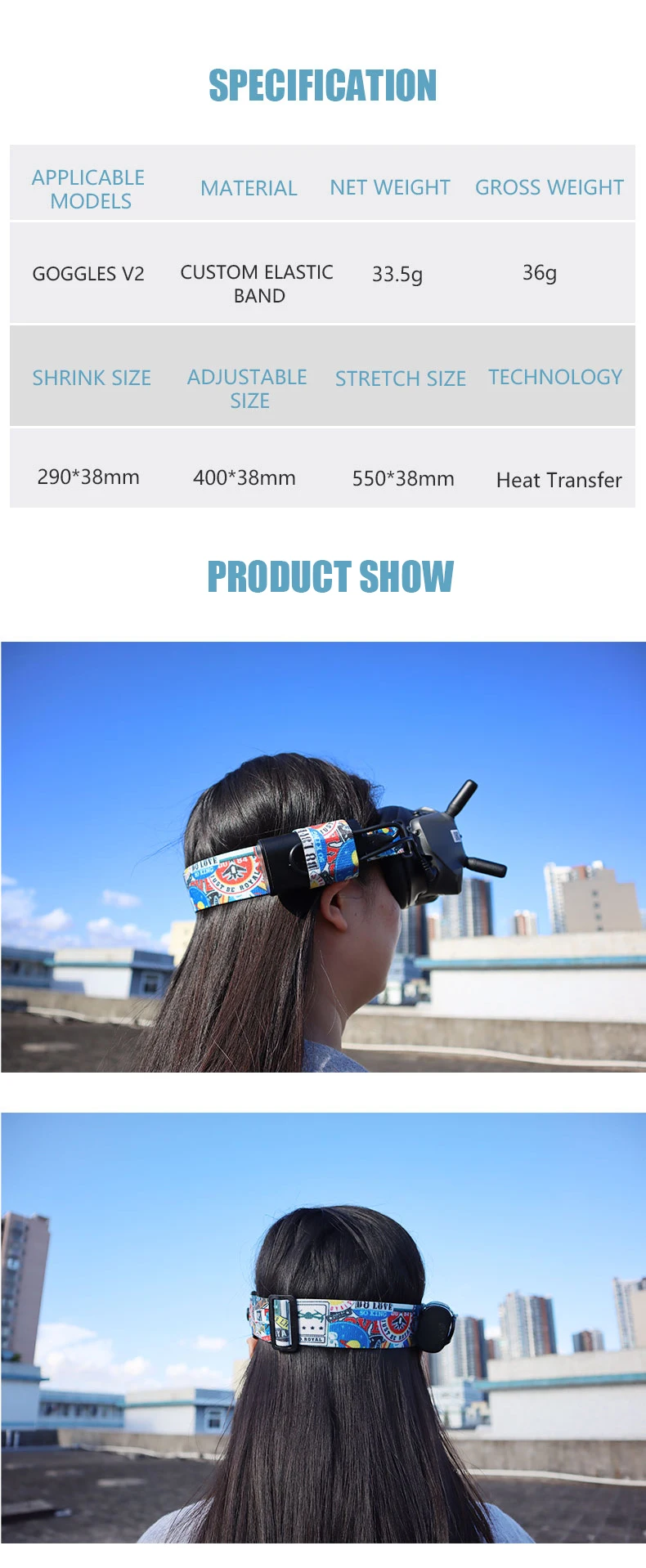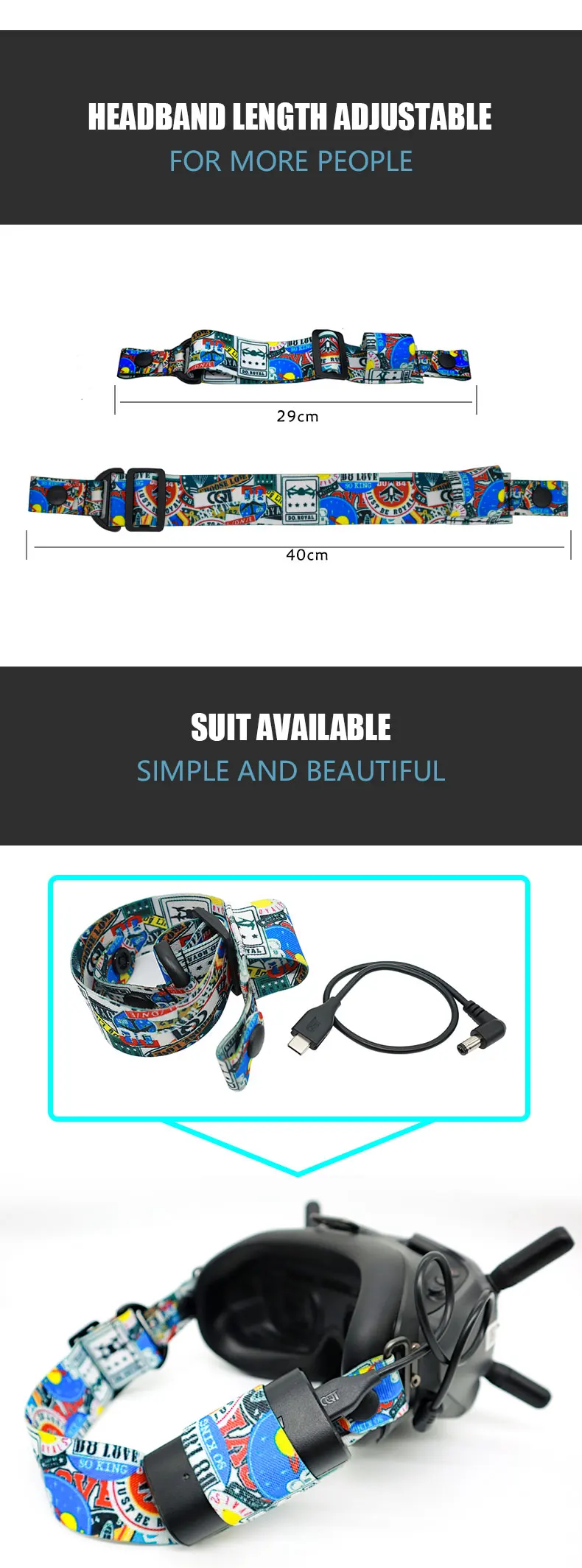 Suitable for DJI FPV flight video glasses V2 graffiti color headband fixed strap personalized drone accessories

---

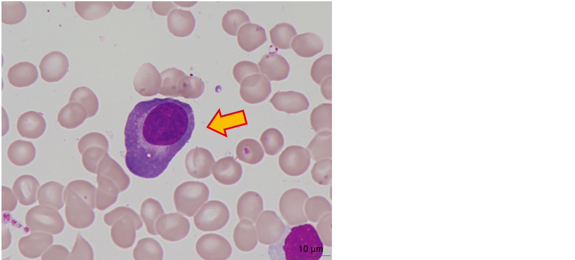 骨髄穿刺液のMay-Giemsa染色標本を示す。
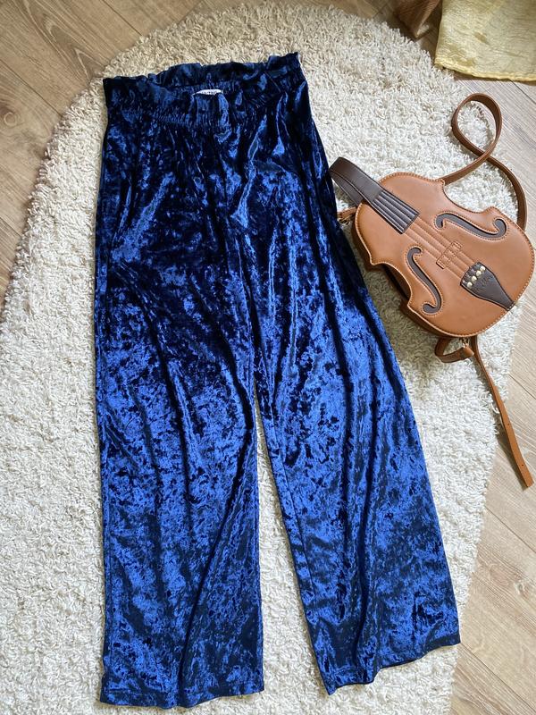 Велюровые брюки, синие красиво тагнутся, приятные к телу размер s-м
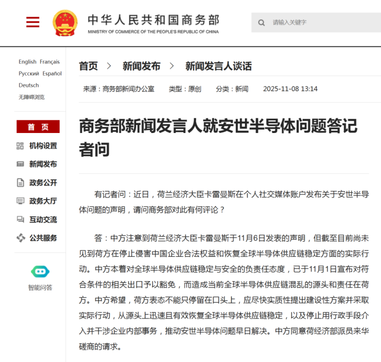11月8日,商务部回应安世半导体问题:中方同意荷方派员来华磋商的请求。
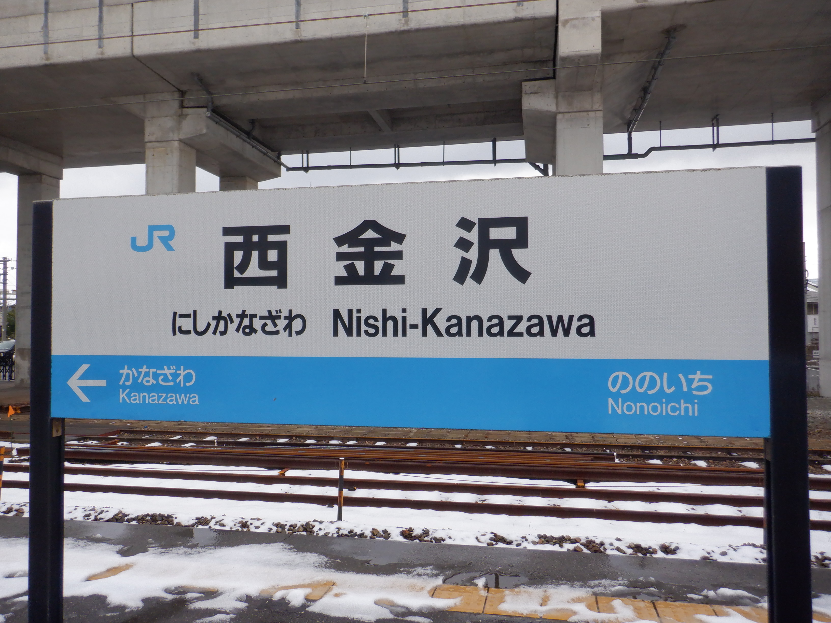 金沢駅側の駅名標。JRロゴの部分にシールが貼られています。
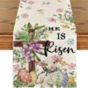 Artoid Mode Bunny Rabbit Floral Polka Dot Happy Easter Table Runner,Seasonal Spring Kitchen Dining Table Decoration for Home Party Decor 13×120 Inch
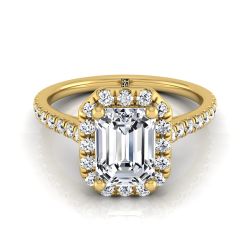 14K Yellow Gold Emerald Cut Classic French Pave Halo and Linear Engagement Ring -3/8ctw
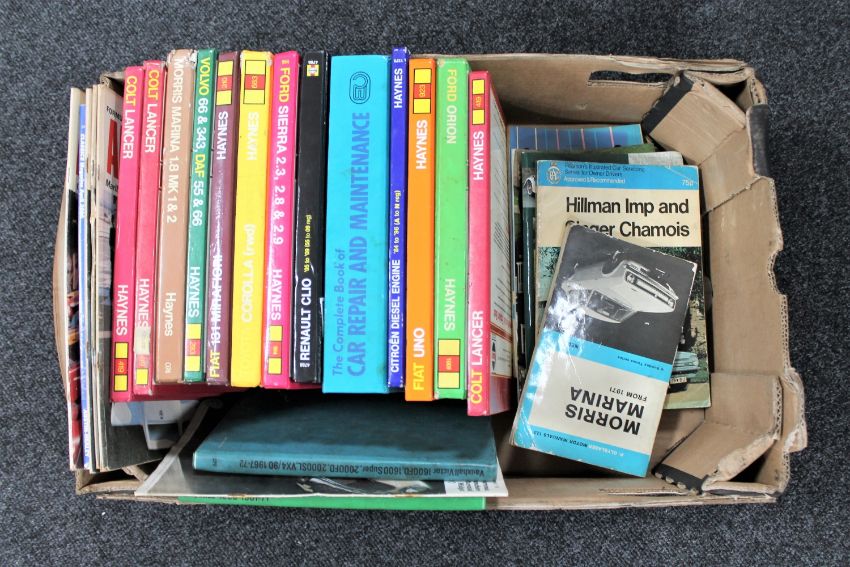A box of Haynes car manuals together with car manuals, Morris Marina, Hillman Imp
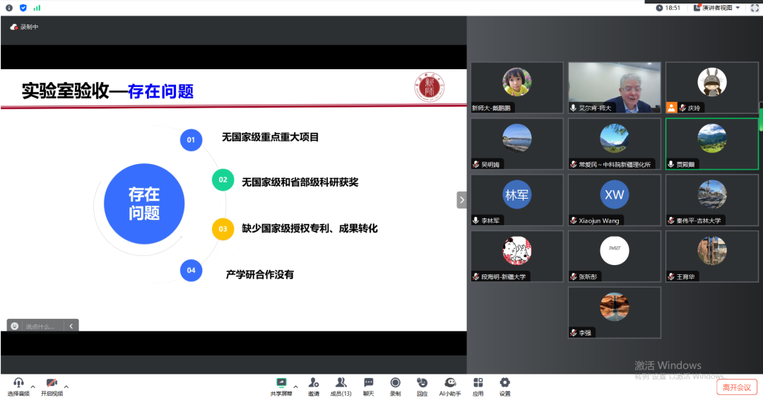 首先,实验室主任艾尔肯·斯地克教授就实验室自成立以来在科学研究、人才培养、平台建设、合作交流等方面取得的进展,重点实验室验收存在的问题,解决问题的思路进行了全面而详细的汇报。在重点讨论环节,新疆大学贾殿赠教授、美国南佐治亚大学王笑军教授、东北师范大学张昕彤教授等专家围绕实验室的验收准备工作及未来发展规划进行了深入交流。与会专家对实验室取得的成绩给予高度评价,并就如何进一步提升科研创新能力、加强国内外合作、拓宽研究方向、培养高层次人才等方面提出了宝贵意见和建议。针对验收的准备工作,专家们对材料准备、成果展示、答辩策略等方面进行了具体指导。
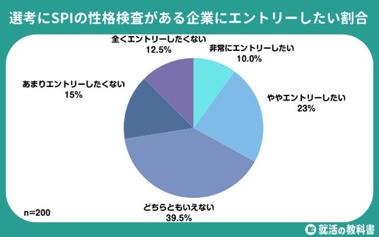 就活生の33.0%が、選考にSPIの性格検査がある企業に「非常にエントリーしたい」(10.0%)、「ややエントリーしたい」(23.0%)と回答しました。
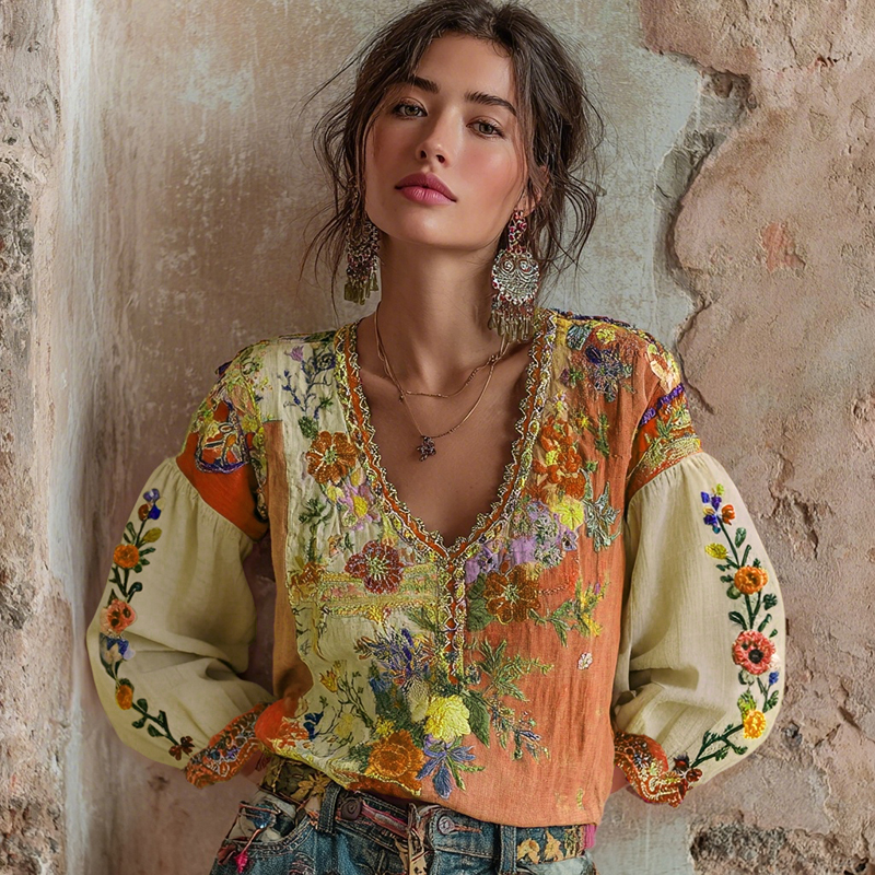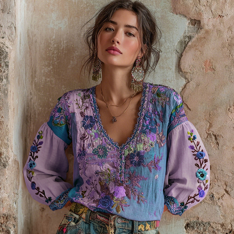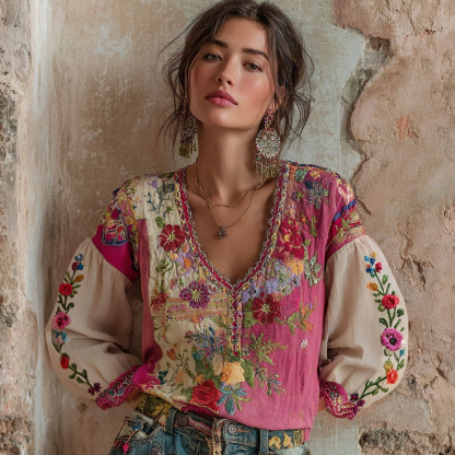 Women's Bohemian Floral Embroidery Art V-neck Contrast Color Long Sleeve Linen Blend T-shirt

§ **TASK TO COMPLETE**: Going back to the data above, write out everything from the line with "14K Yellow Gold" down to the line with "A box of Haynes", both included, leaving every picture out.

§ **TASK SOLUTION**:
 14K Yellow Gold Emerald Cut Classic French Pave Halo and Linear Engagement Ring -3/8ctw
A box of Haynes car manuals together with car manuals, Morris Marina, Hillman Imp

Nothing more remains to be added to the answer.